A ladder 25ft long is leaning against the wall of a house. The ladder is pulled away from the wall at a rate of 2 ft per second. How fast is the top of the ladder moving down the wall when its base is 7ft from the wall?
This is the classic problem that almost every text in Calculus uses to introduce "rate of change"
Make a diagram
Let the ladder by y ft above the ground, and
x ft away from the wall
so you have a right angled triangle
x^2 + y^2 = 25
2x dx/dt + 2y dy/dt = 0 (#1)
given : dx/dt = 2 ft/s
find : dy/dt when x = 7
when x = 7
49 + y^2 = 625
y = √576 = 24
back in #1
2(7)(2) + 2(24)dy/dt = 0
dy/dt = -28/48 = -7/12 ft/s
the negative indicates that the value of y is decreasing, or in other words, the ladder is dropping along the wall
To solve this problem, we can use the related rates approach.
Let's label the distance between the base of the ladder and the wall as "x" (in feet) and the distance from the top of the ladder to the ground as "y" (in feet).
We are given that dx/dt = 2 ft/s, which represents the rate at which the base of the ladder is moving away from the wall. We need to find dy/dt, the rate at which the top of the ladder is moving down the wall.
Using the Pythagorean theorem, we have
x^2 + y^2 = 25^2.
Taking the derivative with respect to time t, we get
2x(dx/dt) + 2y(dy/dt) = 0.
Now, we can substitute the given values to solve for dy/dt when x = 7 ft.
2(7)(2) + 2y(dy/dt) = 0.
28 + 2y(dy/dt) = 0.
2y(dy/dt) = -28.
dy/dt = -28/(2y).
To find the value of y when x = 7 ft, we can plug x = 7 into the Pythagorean theorem:
7^2 + y^2 = 25^2.
49 + y^2 = 625.
y^2 = 576.
y = √576.
y = 24 ft.
Now we can substitute y = 24 ft into the rate equation to find dy/dt.
dy/dt = -28/(2 * 24).
dy/dt = -7/12 ft/s.
Therefore, the top of the ladder is moving down the wall at a rate of 7/12 ft/s when the base is 7 ft from the wall.

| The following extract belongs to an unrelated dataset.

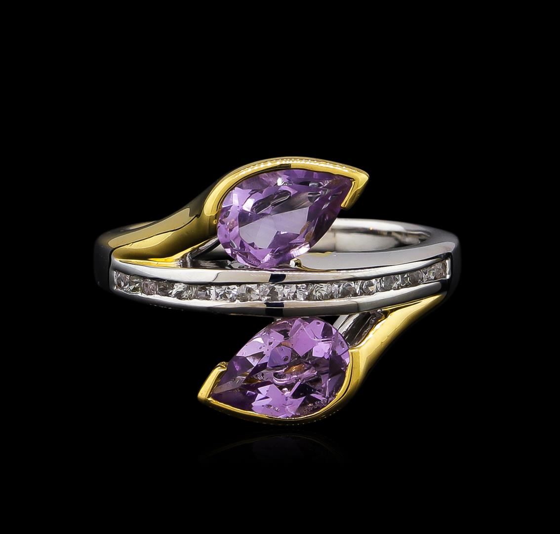 From the brand whose products have inspired creative expression for more than 110 years comes this beautiful ring by Crayola. This stunning piece of jewelry reflects the image and colorful personality of the Crayola brand. The Ring features .925 Silver With Rhodium Two-Tone weighing 4.41oz containing Blush Dark Pink Amethyst (AAA) Pears 9x6mm - 2Pcs + Natural White Sapphire Round 1.50mm - 18Pcs (With J BACK & Yellow Pan Rhodium). Total Pink Amethyst weight is 2.2ct. Total White Sapphire weight is 0.31ct.

To find the rate at which the top of the ladder is moving down the wall, we need to use the related rates formula.
Let's denote the distance between the base of the ladder and the wall as x (in feet), and the distance between the top of the ladder and the ground as y (in feet). We want to find dy/dt (the rate at which y is changing) when x = 7ft.
Given:
dx/dt = -2ft/s (since the ladder is being pulled away from the wall, x is decreasing)
x = 7ft
We can start by using the Pythagorean theorem to relate x and y:
x^2 + y^2 = 25^2
Differentiating both sides of this equation with respect to time t:
2x(dx/dt) + 2y(dy/dt) = 0
Plugging in the values we know:
2(7)(-2) + 2y(dy/dt) = 0
Simplifying the equation:
-28 + 2y(dy/dt) = 0
2y(dy/dt) = 28
dy/dt = 28/(2y)
To find y, we can use the Pythagorean theorem with x = 7ft:
7^2 + y^2 = 25^2
49 + y^2 = 625
y^2 = 625 - 49
y^2 = 576
y = √576
y = 24ft
Now we can plug the value of y into our equation for dy/dt:
dy/dt = 28/(2 * 24)
dy/dt = 7/12 ft/s
Therefore, the top of the ladder is moving down the wall at a rate of 7/12 ft/s when its base is 7ft from the wall.